Guzy narrowed his study down to meadowlarks because there were enough of them to count, and they are large enough to carry a useful radio transmitter. A bird can’t handle a transmitter that is more than 3% of its body weight, and the battery technology available makes the tiny birds like grasshopper sparrows almost impossible to track. (They can only carry a battery large enough to power the transmitter for three weeks.)
Through trial and error, Guzy learned the best way to trap, and band, and attach transmitters to meadowlarks was to set up long swaths of mist nets.
He aimed tiny video cameras at a few of the nests (those cameras aren’t cheap). With combinations of colored bands making it possible to I.D. individual birds by sight, cameras monitoring their nests and transmitters tracking their movements, Guzy gathered information about the grassland birds just a few miles from my land.
The results were not pretty. The videos showed critter after critter dining on meadowlark omelets. Nesting success was about 16.6 percent. (How would you like to start a family with those odds?) None of the birds Guzy and this team so painstakingly banded were sited the following year.
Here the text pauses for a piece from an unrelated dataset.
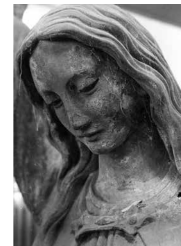
Az eredeti, cinkből öntött és festett Immaculata-szobor torzója 1990-ben a Budapest Galéria sülysápi telepén és napjainkban

Szintén Johann Halbighoz kapcsolódik a már említett Széchenyi-büszk, mellyel ugyancsak voltak gondok. A legnagyobb magyar 1860. április 8-i halálát követően ugyanis Pest kevesebb mint egy hónap leforgása alatt szerződést kötött Halbiggal (akivel akkor már a József nádor szobor miatt amúgy is szerződésben állt), és azért nem érdekelhette a Hans Gasser által két évvel korábban mintázott utolsó hiteles portré mely már akkor rendkívül népszerű volt mert az nem a mindenki által ismert, élete teljében lévő nagy államférfit ábrázolta. Ráadásul a Pesti Városháza tanácstermébe megrendelt mű már csak azért sem lehetett Gasseré, mert az akkor a várossal – és a polgármesterrel – igen szoros kapcsolatot ápoló Halbig még le is szolta munkáját, hogy az a mellszobor nem is hasonlít Széchenyire. Amikor a Gasser műhelyét is megjárt Izsó – aki mestere Széchenyi-portróját két ízben is márványba faragta – tudomást szerzett Pest megbízásáról, úgy vélekedett, hogy mindez „nagyon szép, de ezt Gasser inkább érdemelte volna”. A hasonlatosságra vonatkozó fenti észrevételt egyébként személyesen is megkapta Izsó, amikor müncheni tartózkodása során 1860 nyarán meglátogatta az éppen a büszkön dolgozó szobrászt: „azt mondta, hogy az [a Gasser-féle Széchenyi-

Guzy says that his research created more questions than answers, but one thing stands out loud and clear. Grassland birds need help. “We need more research to understand how birds view their landscape,” he said.
I agree. I realize that humans are not going to inconvenience themselves very much just to save a few (fewer and fewer each year) grassland birds. So we need to understand what these vanishing grassland birds absolutely need to survive, and then hopefully we can fit it in to our profit and loss statement.
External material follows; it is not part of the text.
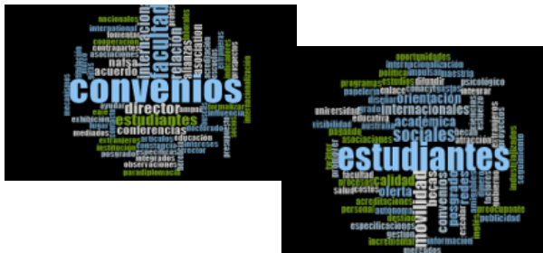
Figura 3. Convenios.

Elaboración propia a través de software Nvivo.
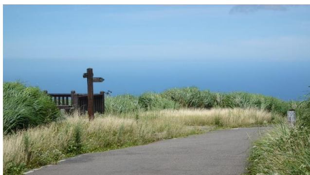
▲ 大屯山頂朝北海望出一片青綠斑駁

Categories: Ecosystem Restoration
wow, took some time, but thanks to your internet site, we found the bird we seen today. It was a meadowlark. We live in Westby, Wi, and have been in this area for over 15 years. We knew right away he was a strange bird in this area. We got a picture of him on the digital camera. If interested we could possibly e-mail it to you…Thanks
I apologize for the delay. I’d love to see your photos and glad that you have sited a meadowlark. Hope that if you live in southern Wisconsin you have survived the recent deluge. Denise
Denise Thornton 122 Bascom Place Madison WI 53726
Office: 608 661-0934 Cell: 608 469-1193 http://www.denisethornton.net htpp://digginginthedriftless.wordpress.com
Meadowlarks have declined from abundant everywere that open fields occur to being a rarity. None of the available explanations are convincing. I say Bravo to anyone who tries to solve this problem. We need to find out why the decline occurred and then what to do about it. My own wild guess is that the decline coincided with and was caused by the higher speeds ot cars from the 1950s when meadowlarks were abundant everywhere to 2011, when they are nearly zero.
Jerram L, Brown
Thanks for your comment, Esther.
I suspect that higher speed (and more frequent passage) of cars was hard on a lot of wildlife. I was just reading the other day in The Great Disruption by Paul Gilding that during WW2, to conserve gasoline needed for the war effort, speed limits were lowered to 35 mph in many areas. Wouldn’t that be a more peaceful world?
I often think when I’m driving through small towns with all their front porches along busy streets that at one point, people were passing those porches at the speed of horses walking and trotting, and they probably chatted with the passers by in transit. What a concept.